The percentage of REALTORS® who believe sales will increase in the foreseeable future has been steadily falling, reaching only 4.6% in October. This is the lowest reading since C.A.R. began polling its members shortly after the pandemic began. The study also revealed that fewer members expect listing prices to climb, with the proportion dropping from half of the respondents at the start of the year to one in five this month. Housing affordability is expected to drop to 23 percent next year from a projected 26 percent in 2021.
October’s latest housing stats show sales are declining significantly again across California. The Old Sacramento Waterfront and downtown area boast many restaurants and endless entertainment; there are also numerous fun and free things to do in Sacramento. When you want to get away from the city, take a day trip to a nearby town or explore the great outdoors—the region's natural beauty will stun you. Most affordable Northern California cities, but Sacramento is also the most populous on our list with just under 500,000 inhabitants.
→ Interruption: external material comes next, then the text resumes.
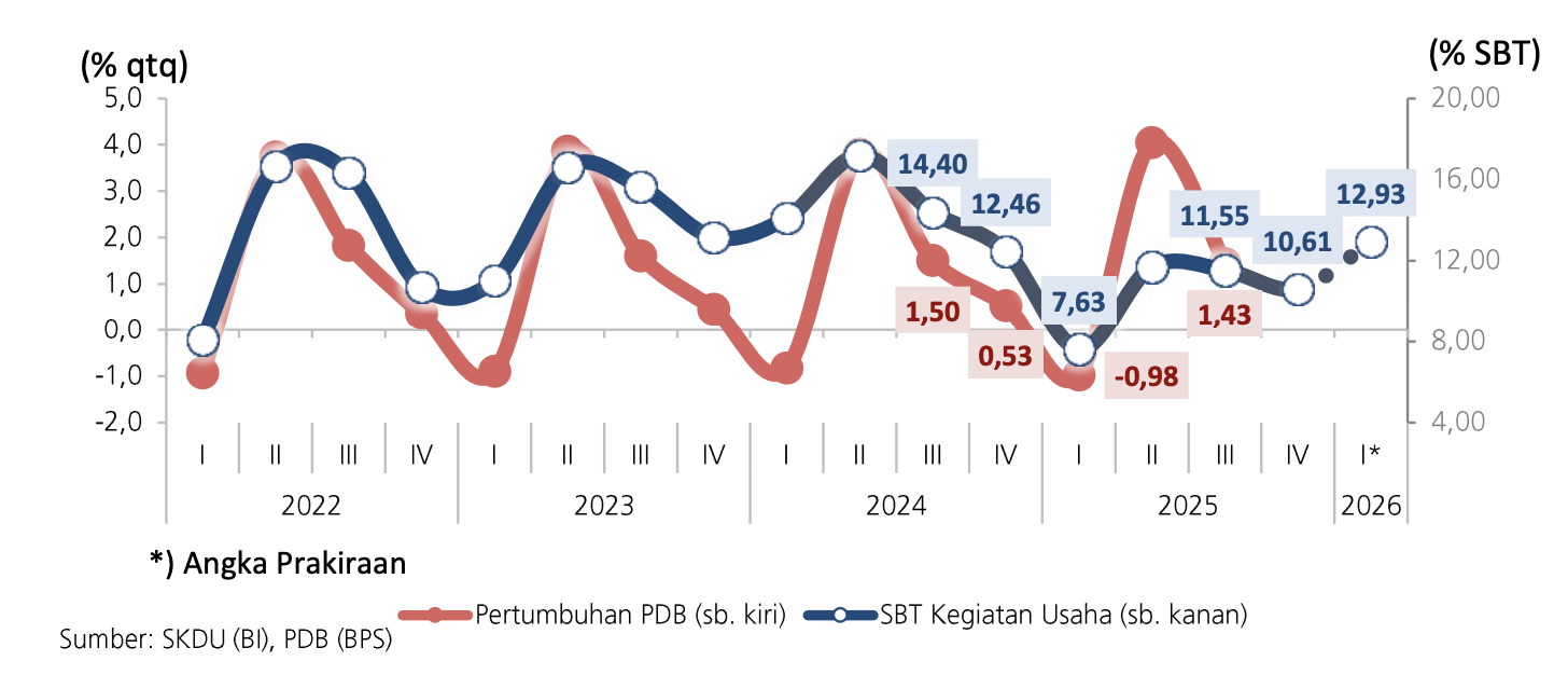 Kehatian-hatian dunia usaha dalam ekspansi terlihat dari Saldo Bersih Tertimbang (SBT) yang lebih rendah. Pada kuartal IV-2025, SBT berada di 10,61%. Ini menjadi yang terendah dalam tiga kuartal terakhir.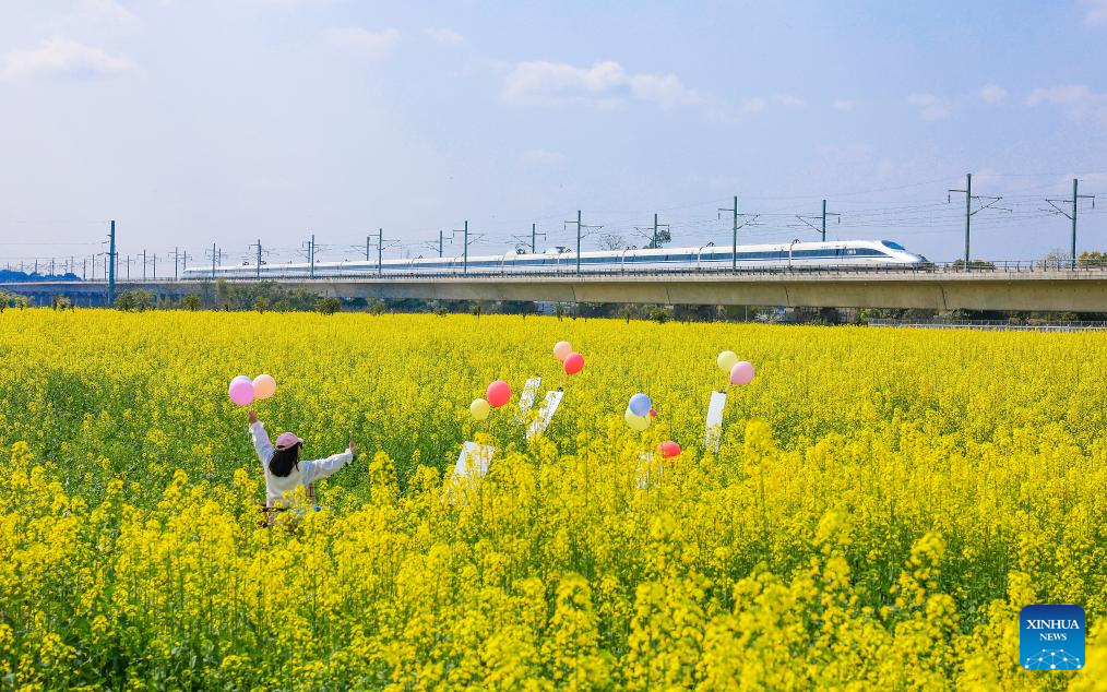 A tourist visits a rapeseed flower field as a high-speed train runs past in Longmatan District of Luzhou, southwest China's Sichuan province, on Feb. 26, 2026. (Photo by Mou Ke/Xinhua)

Perfect for people who want to head north to explore, Stockton surprises residents and visitors in more than one way.

With all the data here, I have moved the needle a little towards home buyers, although it clearly remains a seller’s market. Over the past 12 months, the Northern California markets covered in this report added 184,600 jobs. With decent job growth, the unemployment rate fell to 2.4%, which is a significant drop from the 5.8% rate we saw a year ago. The lowest jobless rate was in Santa Clara County (1.8%), and the highest rate was in Solano County, where 3.5% of the workforce remains unemployed.